Lukewarm reception for helmet transmitters

MIKE GANTER, QMI Agency

, Last Updated: 9:08 PM ET

The Canadian Football League might want to check on the definition of “innovation” — a word tossed around by the league on Tuesday.

Because, while helmet transmitters connecting quarterbacks to coaches and offensive co-ordinators might be a CFL innovation, there’s really nothing new about this.

NFL coaches and co-ordinators have been communicating directly with the quarterback in game situations since 1994.

Argonauts quarterback Cleo Lemon says he has to go back to his college days for the last time he didn’t have a transmitter in his helmet.

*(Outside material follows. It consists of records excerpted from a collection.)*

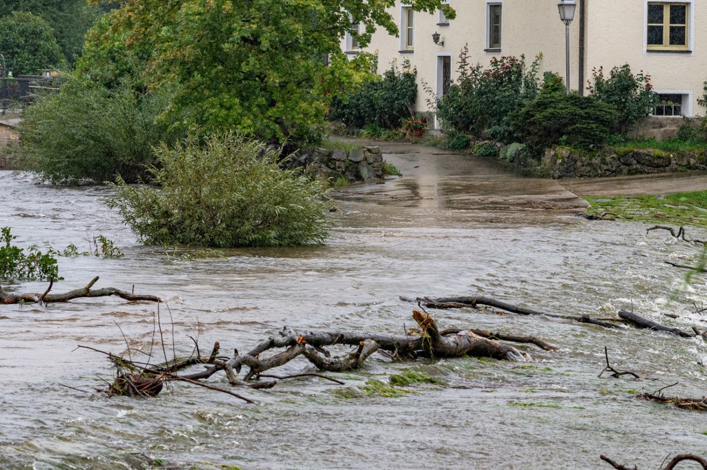 Bajorország, Cham: A Regen folyó áradása utakat tüntetett el. Fotó: Armin Weigel/AFP
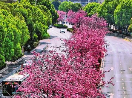 近年來,昆明市充分利用生態景觀資源,積極推進花卉景觀大道建設,全面提升城市綠化品質。圓通街、穿金路上的櫻花,金蘭路上的泡桐,教場中路上的藍花楹,日新路、廣福路和北京路上的月季,文林街上的銀杏,紅塔西路的冬櫻花,龍泉路的梅花等景觀,一路一景,四季有花。目前,昆明市主城區已有100多條道路形成了一定規模的花卉景觀效果,向市民游客展示著四季不同的“花卉文化”和春城魅力。圖為穿金路櫻花大道一景。(記者 胡妤雅 攝影報道)
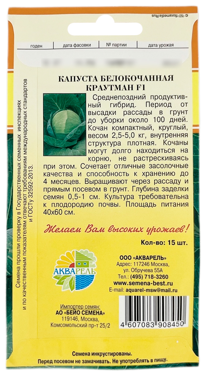 Капуста белокочанная Краутман F1Среднепоздний продуктивный гибрид. Период от высадки рассады в грунт до уборки около 100 дней. Кочан компактный, круглый, весом 2,5-5,0 кг, внутренняя структура плотная. Сохраняет товарный вид в поле длительное время, без растрескивания. Сочетает отличные засолочные качества и способность к хранению до 4 месяцев. Выращивают через рассаду и прямым посевом в грунт. Глубина заделки семян 0,5-1 см. Культура требовательна к плодородию почвы. Площадь питания 40x60 см.
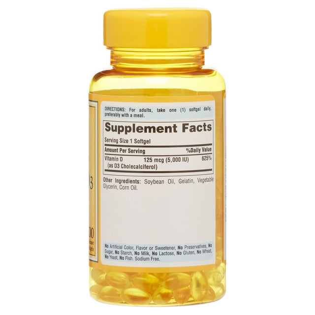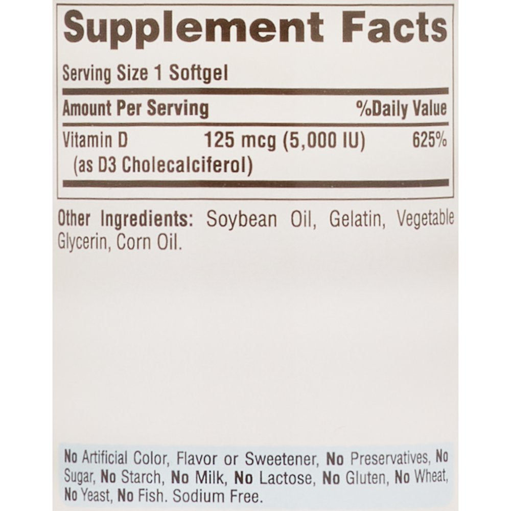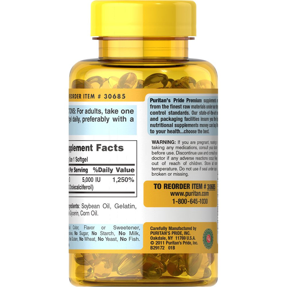 Puritans Pride Vitamin D3 5000 IU Softgels, 200 Count
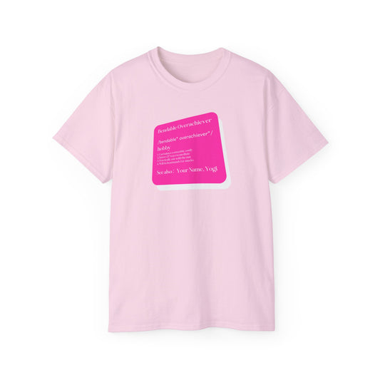 Make it personal! Add a name which will be part of 'See also'T-shirt for yoga - Bendable Overachiever Yoga Humor Tee - Balance, Meditate & Snack
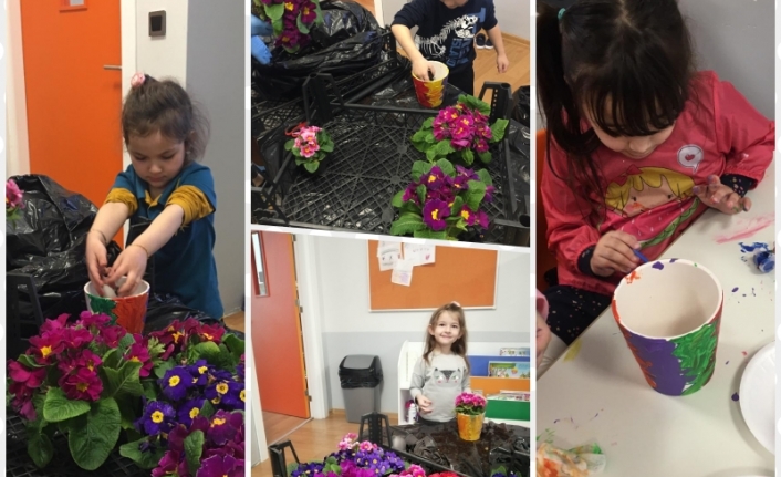 Altınküre Okulları Anasınıfı Çalışkan Arılar ve Neşeli Kelebekler Sınıfı Birleştirilmiş sanat ve Fen etkinliğinde 8 Mart Dünya Kadınlar Günü nedeniyle kıymetli anneleri için çiçek dikme etkinliği yaptılar. Önce saksılarını boyayan öğrenciler daha sonra kır menekşelerini vazoya diktiler.
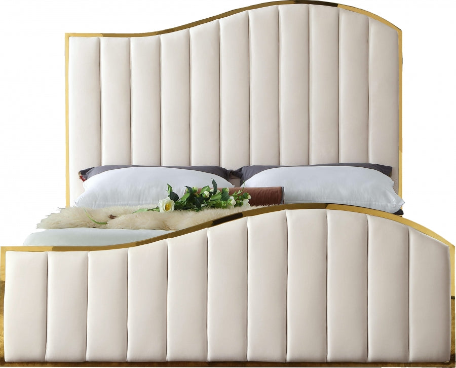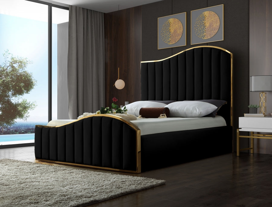 Transform your bedroom into a dream haven with the breathtaking Jolie black velvet king bed. Featuring a stunning polished gold metal frame that supports black velvet upholstery on the headboard and footboard with channel tufting for texture, this sleek bed not only commands your attention, it demands it. The wavy design of the headboard and footboard evokes a dramatic image reminiscent of a boat rolling on the waves at sea, promising to lull you to sleep and reward you with a night of pleasant dreams.
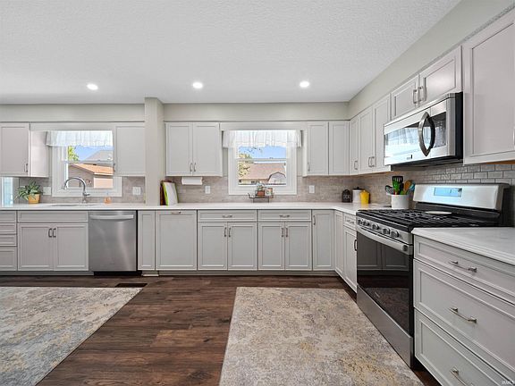 This Shordon Estates home is truly a one of a kind! Almost every room in this home has been renovated with exquisite taste and colors. The kitchen is a chefs dream with new everything being upgraded in 2020 including all appliances. The Corian countertop and beautiful cabinetry are accented by a gorgeous backsplash and luxury vinyl plank flooring. The kitchen has been completely opened up to the breakfast nook and family room. All rooms have windows/doors looking out on the backyard inground pool and landscaping. The family room has a cozy gas log fireplace to warm those winter nights. The main floor also boasts a front living room/dining room and a half bath with laundry. The upper level has 4 bedrooms. Three bedrooms share a large full bathroom with dual vanity sinks and a tiled shower. The remodeling of the master ensuite is second to none. You will love the large walk-in tiled shower, dual vanity sinks and two large closets. The backyard entertaining area will make your home the place to be! The pool slopes to 8' and includes a diving board, robotic cleaner, heater, and winter safety cover. There are automatic lights in the front and back. The landscaping was recently upgraded with a stamped concrete border. Other upgrades are: In 2019 all windows were replaced, new pool liner In 2020 kitchen, bathroom, family room completely remodeled, new gas log for fireplace including a cleaning and inspection, new kitchen appliances. In 2021 HVAC replaced, complete tear off of roof, upstairs bathroom remodel, gutter guards added, In 2022 New washer, dryer, water heater, Pool heater It's evident that the new buyer can move in, relax and not worry about any big ticket items for years. In the world of real estate this one is a unicorn!

“When you make that transition, it’s a lot easier, a lot faster to get the play calls in,” Lemon said.

“It will help out the offence tremendously.”

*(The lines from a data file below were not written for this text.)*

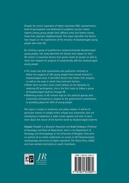 Despite the expansion of higher education, representation, level of participation and likelihood of academic success remain highest amongst young people from affluent areas and lowest amongst those from deprived neighbourhoods. This report identifies factors which impact upon the minority of disadvantaged young people who enter higher education.
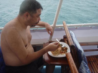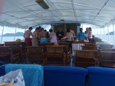結構大きなアイランドホッピングで乗った観光船。ダイビングも出来るよう...
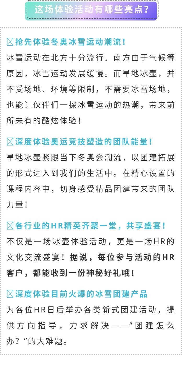 現(xiàn)邀請(qǐng)100位企業(yè)HR,免費(fèi)參與《旱地冰壺》品牌課程體驗(yàn)活動(dòng),讓大家不用上冰雪場(chǎng)地,也能體驗(yàn)一把冰雪運(yùn)動(dòng)的魅力!
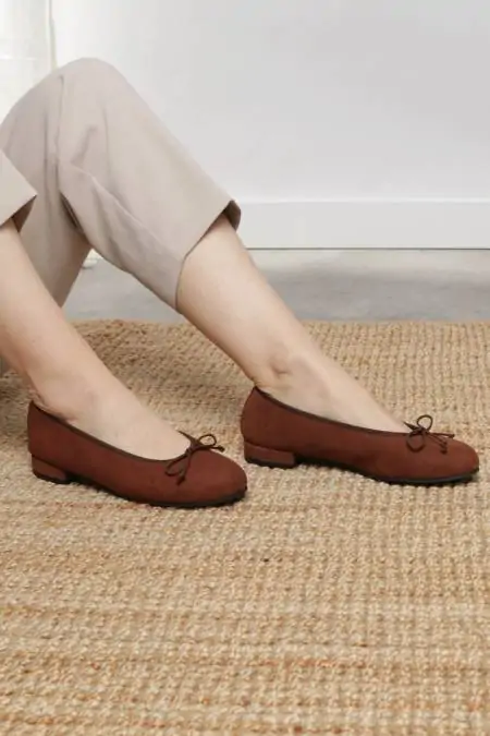 Women's brown ballet flats for trendy looks! Discover that comfortable flat shoes can also be elegant. If you are looking for a shoe that combines comfort and elegance, you cannot miss these brown suede ballet flats. They are made entirely of soft natural leather, both on the outside and inside. They have a gel-padded leather insole for extra comfort. The cotton bow detail runs along the entire neckline and you can adjust them to your liking. They have a small leather-lined heel that is 2 cm. and a super flexible non-slip rubber sole. Don't hesitate, these women's ballet flats will be your best purchase since they are handcrafted in Spain with high-quality natural leather.
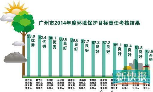 新快报讯 记者罗仕报道 广州市政府官网近日公布了《广州市人民政府关于2014年度环境保护目标责任考核结果的通报》,在广州12区(包括原萝岗区)中,南沙得分最高,白云得分垫底。
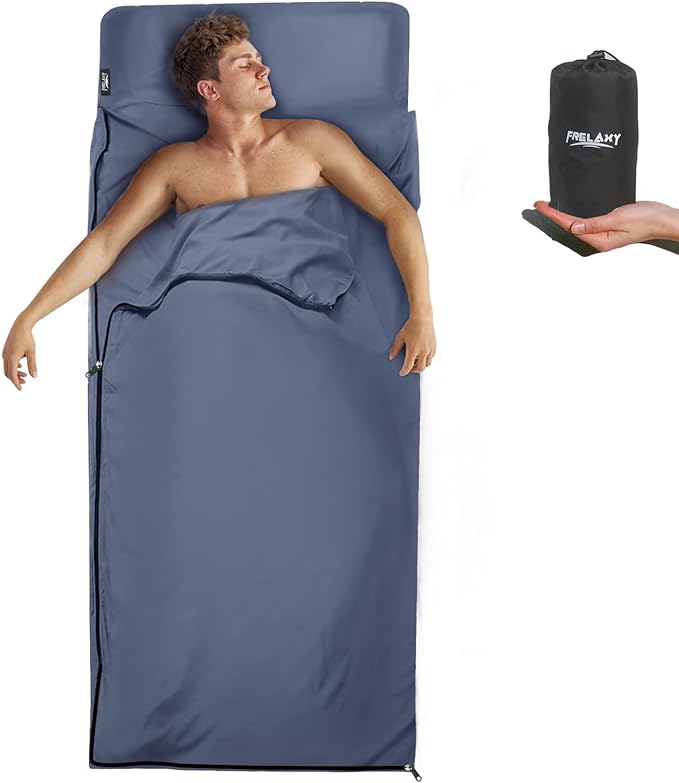Frelaxy Sleeping Bag Liner, XL Travel Sheet & Camping Sheet for Backpacking, Hotel, Hostels & Traveling, Comfy & Easy Care, Full-Length Zipper/No Zipper
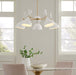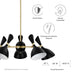 Feel inspired with illuminating bouquets of light in your living room, bedroom, or entryway with the Declare 5-Light Pendant. This modern ceiling light fixture glows with 5 round tapered powder-coated metal shades, enhanced by a narrow satin brass ring, for a bouquet-like silhouette. Sophisticated adjustable shades spark visual interest to this living room chandelier, complementing mid-century modern or eclectic decors. The Declare ceiling pendant light is fully dimmable and height adjustable in your dining room or above a kitchen island. Requires 5 E26 bulbs, 40W max, or LED equivalent (not included). Compatible with dimmer switches (not included). Professional installation required.

Down the QEW in Hamilton, Ticats quarterback Kevin Glenn was reserving judgment just a little.

“It’s okay,’ Glenn said. “You have to get used to it. The biggest thing is you cannot simulate a game situation with the crowd and someone talking in your ear.

“You will have to wait until a pre-season game to get the full effect. You can say it is good now, but you might get in a game and say, ‘I can’t hear a thing you are saying.’ ”

League spokesman Jamie Dykstra confirmed yesterday the league has been testing this sort of thing since 2006, but it is only now, with the league somewhat stabilized and interested again in investing in advancements like the helmet transmitter, that it has been possible to go ahead with something like this.

There’s no question that back when the NFL was introducing these helmets, the CFL was much more concerned with just remaining viable to even think about taking on any additional costs.

Each team will be outfitted with three radio-in-helmet units, one for each of the QBs that dress, but only one can be active at any one time.

Coaches or offensive co-ordinators up in the press box will be able to communicate plays to the quarterbacks but will not be able to receive messages back as the QB helmets will not have microphones.

Argos head coach Jim Barker is excited the league has reached this stage.

“I think the games will flow smoother,” Barker said.

“I think you will see better execution everywhere. You still only have 20 seconds to get the call in and down to the quarterback but I think it’s really good for the league.”

Barker though already knows his voice won’t be in the ears of his quarterbacks — and for a very good reason.

“If I’m in the quarterbacks ear, he’s going to have a headache,” Barker said. “That’s not a good thing. (Argos offensive co-ordinator) Jaime (Elizondo) does a great job and he’ll be very calm and composed and let me be the head coach and do the things I have to do.

“We’ve gone through the whole signals deal in this league and while we still don’t have the helmet mics for defence (which the NFL introduced last season) it just alleviates all that and brings us into the next stage,” Barker said.

The Argos had the helmets delivered on Tuesday but were waiting on the batteries.

Barker said the team will test it out today in practice.